Incomplete specimens in geometric morphometric analyses



  1. The analysis of morphological diversity frequently relies on the use of multivariate methods for characterizing biological shape. However, many of these methods are intolerant of missing data, which can limit the use of rare taxa and hinder the study of broad patterns of ecological diversity and morphological evolution. This study applied a mutli-data set approach to compare variation in missing data estimation and its effect on geometric morphometric analyses across taxonomically variable groups, landmark position and sample sizes.
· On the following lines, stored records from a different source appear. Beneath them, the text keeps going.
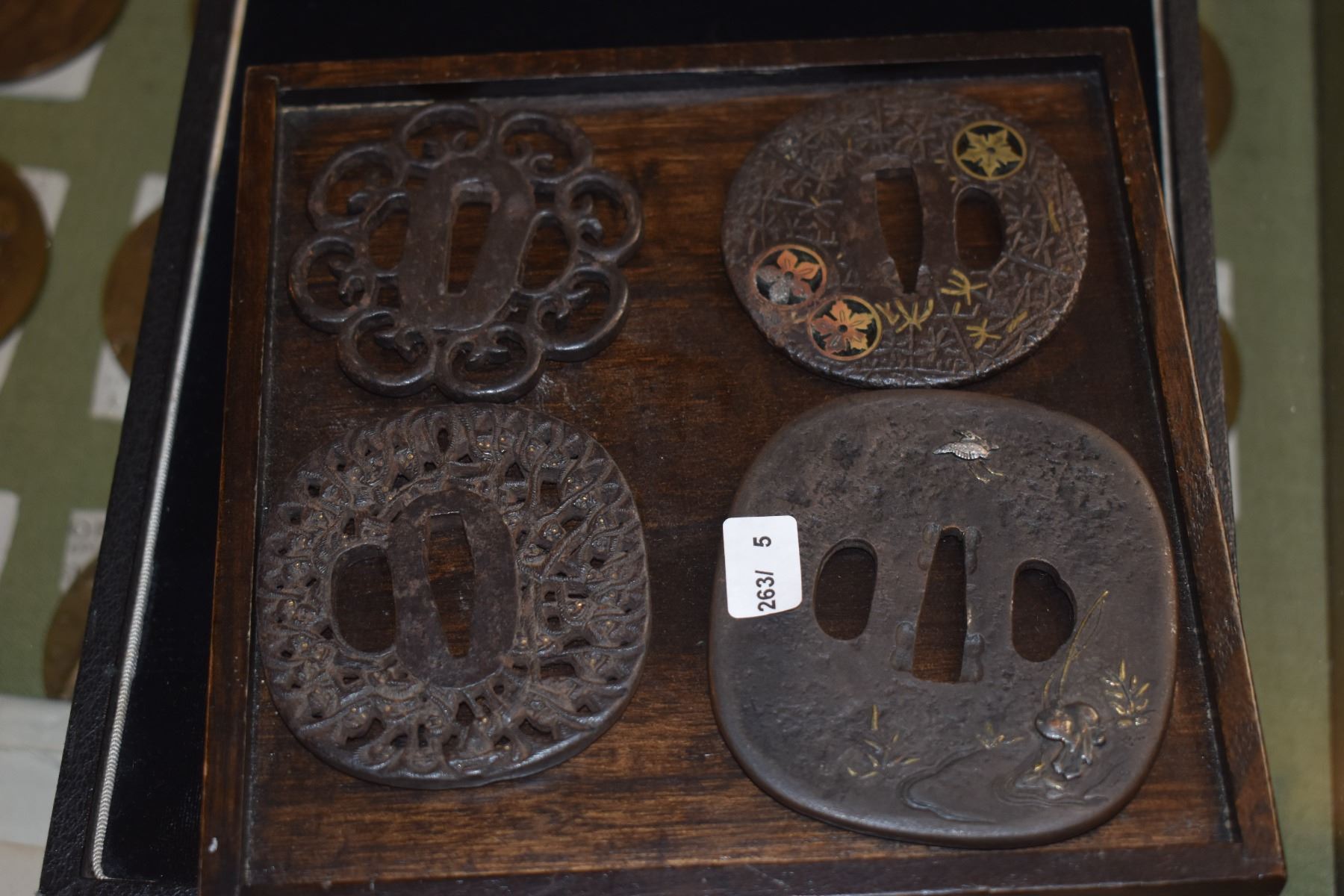 ANTIQUE JAPANESE IRON "TSUBAS" (SAMURAI) SWORD GUARDS (DOES NOT INCLUDE STAND)
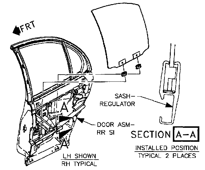 1. Remove door trim panel. Outer panel is removed in illustration to show location.
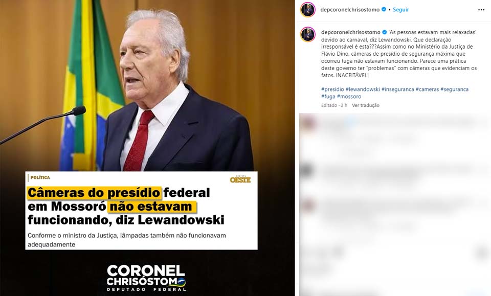 Porto Velho, RO – Na esteira dos recentes acontecimentos envolvendo a fuga de detentos na Penitenciária Federal de Mossoró, o deputado de Rondônia, Coronel Chrisóstomo, do PL, fez uso das redes sociais para tecer críticas aos posicionamentos do ministro da Justiça, Ricardo Lewandowski, e do ex-ministro da mesma pasta, Flávio Dino, que ocupará uma cadeira no Supremo Tribunal Federal (STF) a partir do dia 22 de fevereiro, data marcada para a posse.
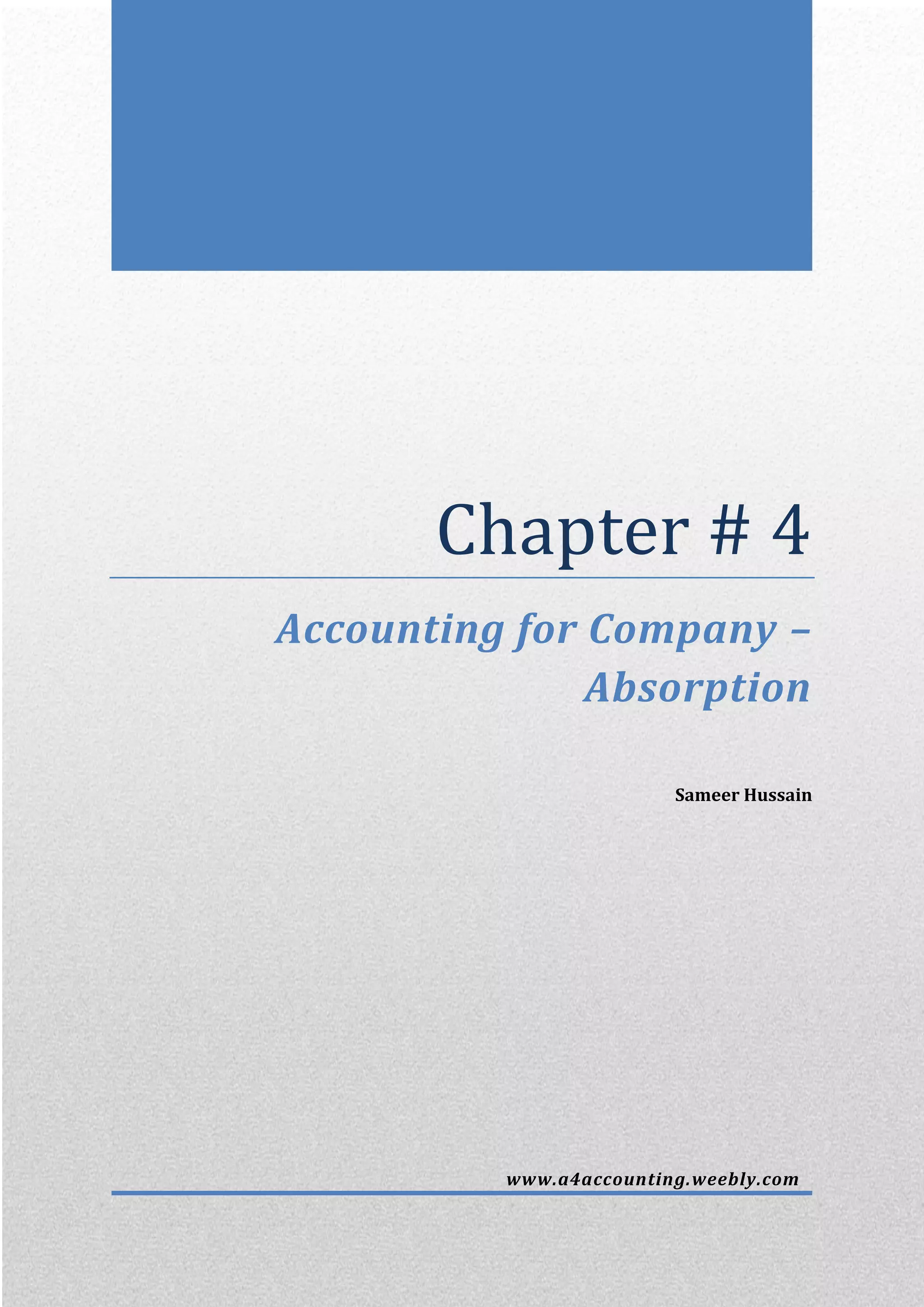 This document provides information about accounting for company absorption. It defines absorption as when one company acquires another and the acquired company ceases to exist while the acquiring company continues. It discusses purchase consideration, which is the amount paid by the new company, and can be calculated via net asset method or lump sum method. It provides journal entries for both the old and new companies, and includes two illustrations applying the concepts to example company mergers.
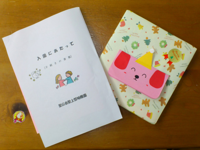 出席カードにシールを貼ったり、名札をつけて入園にむけて予行演習です。
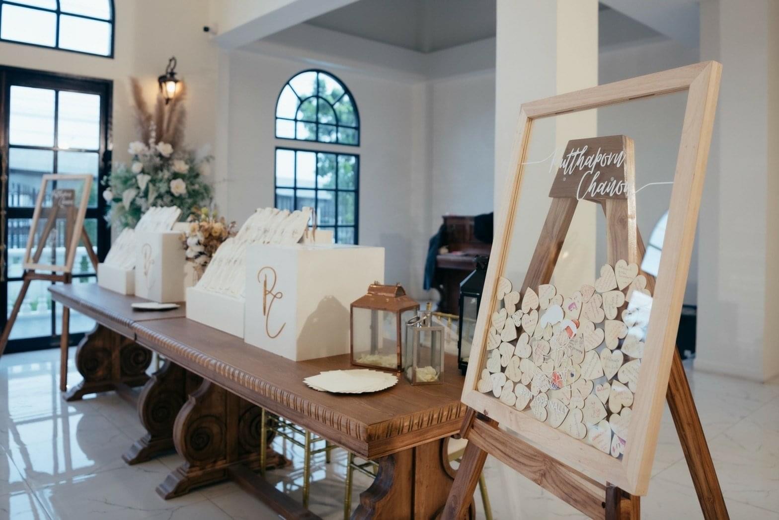 ด้านหน้ากรอบไม้สามารถออกแบบใส่โลโก้บ่าว-สาวให้เข้ากับธีมงาน หรือจะใส่ข้อความต้อนรับเพิ่มเข้าไป ก็สามารถประยุกต์ใช้เป็น Welcome Sign ได้ด้วยค่ะ นอกจากเหมาะสำหรับใช้เป็นพร็อพเก๋ๆในงานแต่งงานแล้ว Heart Drop Box ยังนิยมสำหรับให้เป็นของขวัญงานแต่งงาน ของขวัญวันเกิด หรือของขวัญงานเกษียณอีกด้วยค่ะ
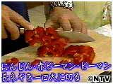 生椎茸は4等分、茄子は斜め切り、人参、長ネギ、ピーマン、赤ピーマンは一口大に切る。にんにくはみじん切りにする。 |
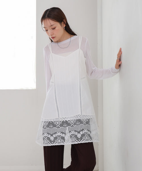裾に施された繊細なレース柄が目を引くミニワンピースが登場しました!シルエットは広がりすぎないAラインを意識して仕上げているので着るだけで上品な雰囲気が出ます。肩ひも部分は調節可能になってるのでお好きな長さでお楽しみいただけます。
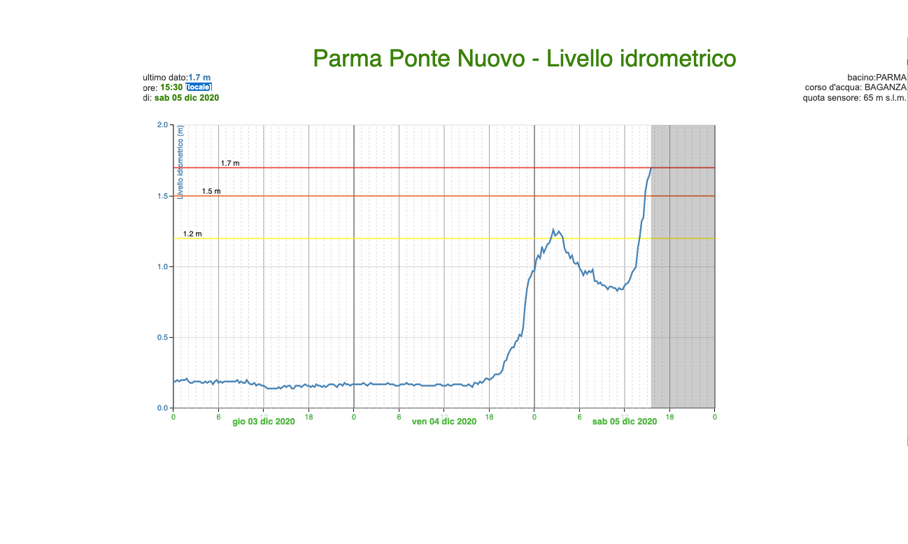 Rischio idraulico: il Baganza ha raggiunto la soglia rossa a Parma di UG 5 Dicembre 2020 5 Dicembre 2020 25 Il corso d’acqua Baganza ha raggiunto il livello da soglia rossa in corrispondenza del Ponte Nuovo a Parma. Aggiornamento delle ore 15.30.
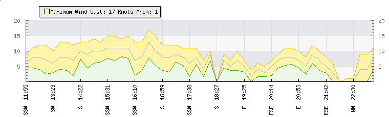 In the last few minutes the wind was East South East at an average speed of 0 knots, reaching up to 0 knots and a low of 0 knots. The gust strength is0 knots above the minimum speed |
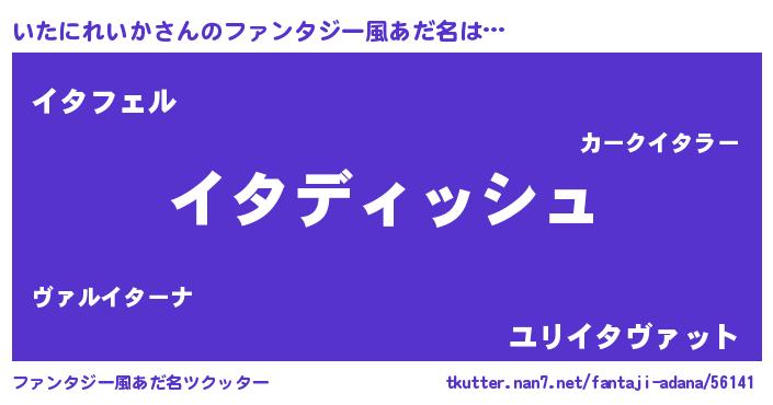 | ヒーロー風カッコイイあだ名 | 『ネオイタニレイカ』『仮面イタダー』 |
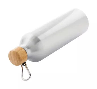 Butelka aluminiowa z bambusową pokrywką i karabińczykiem, 800 ml.
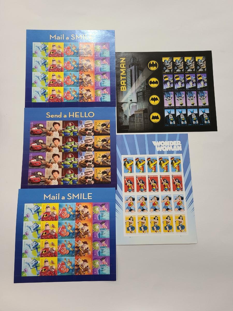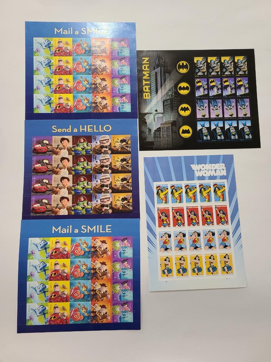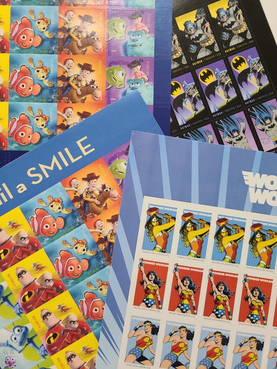 Lot 40: 100 Forever Stamps: Batman, Wonder Woman, Disney (Retail $58.00)
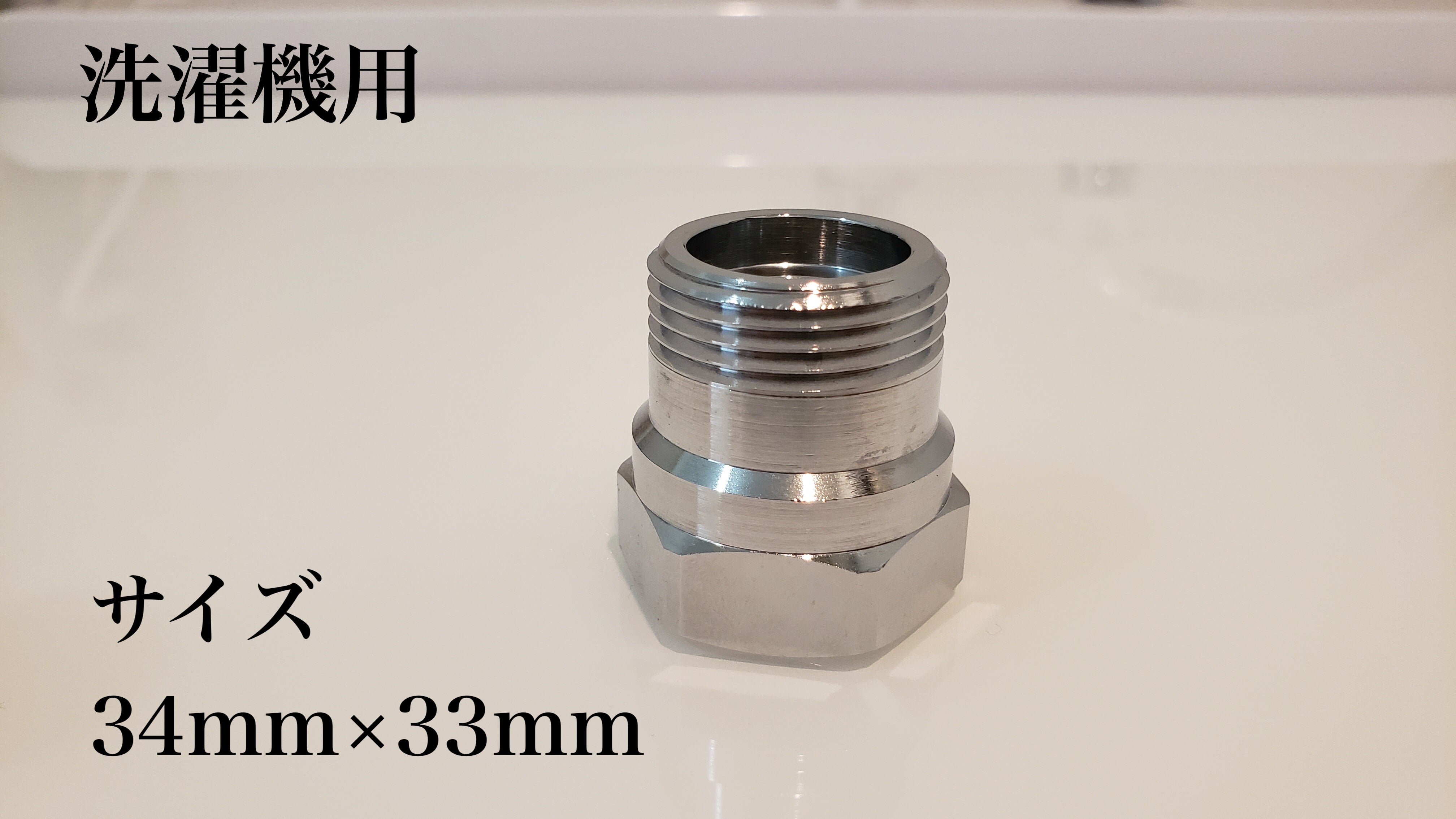 2.付属のパッキンをアダプター(金色部分)に付けて、洗濯機に装着する
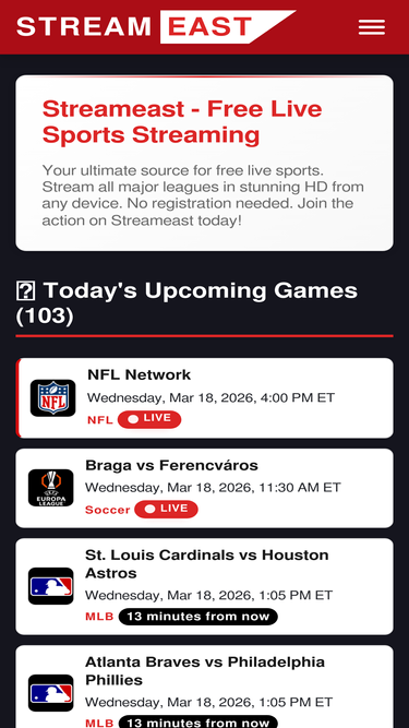 72%StreamEast delivers free HD live sports. Watch NBA, NFL, NHL, MLB, UFC, Soccer, MMA, and football streams online — no sign-up required Just watch every streams in HD for free.

  2. Missing morphometric landmark data were simulated from five real, complete data sets, including modern fish, primates and extinct theropod dinosaurs. Missing landmarks were then estimated using several standard approaches and a geometric-morphometric-specific method. The accuracy of missing data estimation was determined for each estimation method, landmark position and morphological data set. Procrustes superimposition was used to compare the eigenvectors and principal component scores of a geometric morphometric analysis of the original landmark data, to data sets with A) missing values estimated, or B) simulated incomplete specimens excluded, for varying levels of specimens incompleteness and sample sizes.
  3. Standard estimation techniques were more reliable estimators and had lower impacts on morphometric analysis compared with a geometric-morphometric-specific estimator. For most data sets and estimation techniques, estimating missing data produced a better fit to the structure of the original data than exclusion of incomplete specimens, and this was maintained even at considerably reduced sample sizes. The impact of missing data on geometric morphometric analysis was disproportionately affected by the most fragmentary specimens.
  4. Missing data estimation was influenced by variability of specific anatomical features and may be improved by a better understanding of shape variation present in a data set. Our results suggest that the inclusion of incomplete specimens through the use of effective missing data estimators better reflects the patterns of shape variation within a data set than using only complete specimens; however, the effectiveness of missing data estimation can be maximized by excluding only the most incomplete specimens. It is advised that missing data estimators be evaluated for each data set and landmark independently, as the effectiveness of estimators can vary strongly and unpredictably between different taxa and structures.